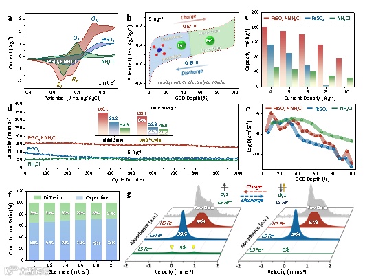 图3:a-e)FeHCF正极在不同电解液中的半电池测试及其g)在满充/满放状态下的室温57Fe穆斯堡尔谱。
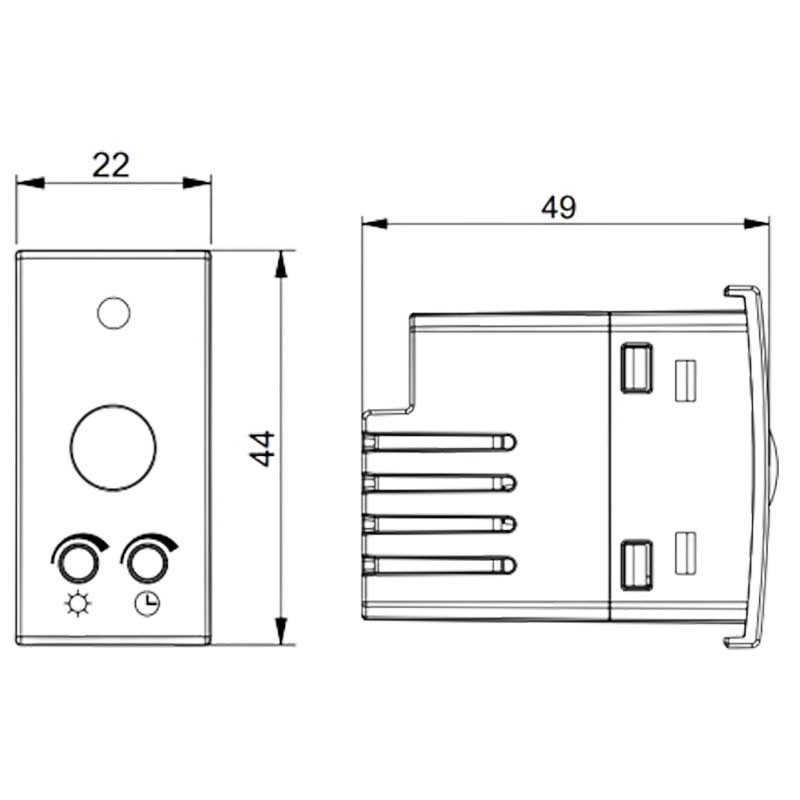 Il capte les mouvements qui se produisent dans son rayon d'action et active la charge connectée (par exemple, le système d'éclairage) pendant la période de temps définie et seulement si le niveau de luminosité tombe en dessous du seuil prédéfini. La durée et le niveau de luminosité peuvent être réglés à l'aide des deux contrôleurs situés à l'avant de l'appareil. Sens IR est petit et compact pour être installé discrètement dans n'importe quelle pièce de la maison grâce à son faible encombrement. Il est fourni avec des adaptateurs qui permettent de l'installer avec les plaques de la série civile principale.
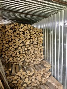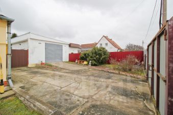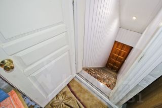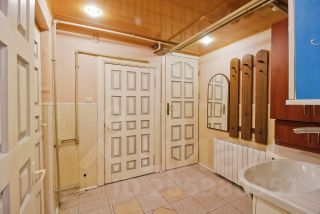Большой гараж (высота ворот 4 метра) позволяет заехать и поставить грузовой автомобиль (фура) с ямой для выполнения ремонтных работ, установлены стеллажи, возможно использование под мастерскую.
★ ★ ★ ★
**What you are asked to do:**
Pictures aside, reproduce all of the data exactly.

**Task solution:**
 图3:a-e)FeHCF正极在不同电解液中的半电池测试及其g)在满充/满放状态下的室温57Fe穆斯堡尔谱。
 Il capte les mouvements qui se produisent dans son rayon d'action et active la charge connectée (par exemple, le système d'éclairage) pendant la période de temps définie et seulement si le niveau de luminosité tombe en dessous du seuil prédéfini. La durée et le niveau de luminosité peuvent être réglés à l'aide des deux contrôleurs situés à l'avant de l'appareil. Sens IR est petit et compact pour être installé discrètement dans n'importe quelle pièce de la maison grâce à son faible encombrement. Il est fourni avec des adaptateurs qui permettent de l'installer avec les plaques de la série civile principale.
Большой гараж (высота ворот 4 метра) позволяет заехать и поставить грузовой автомобиль (фура) с ямой для выполнения ремонтных работ, установлены стеллажи, возможно использование под мастерскую.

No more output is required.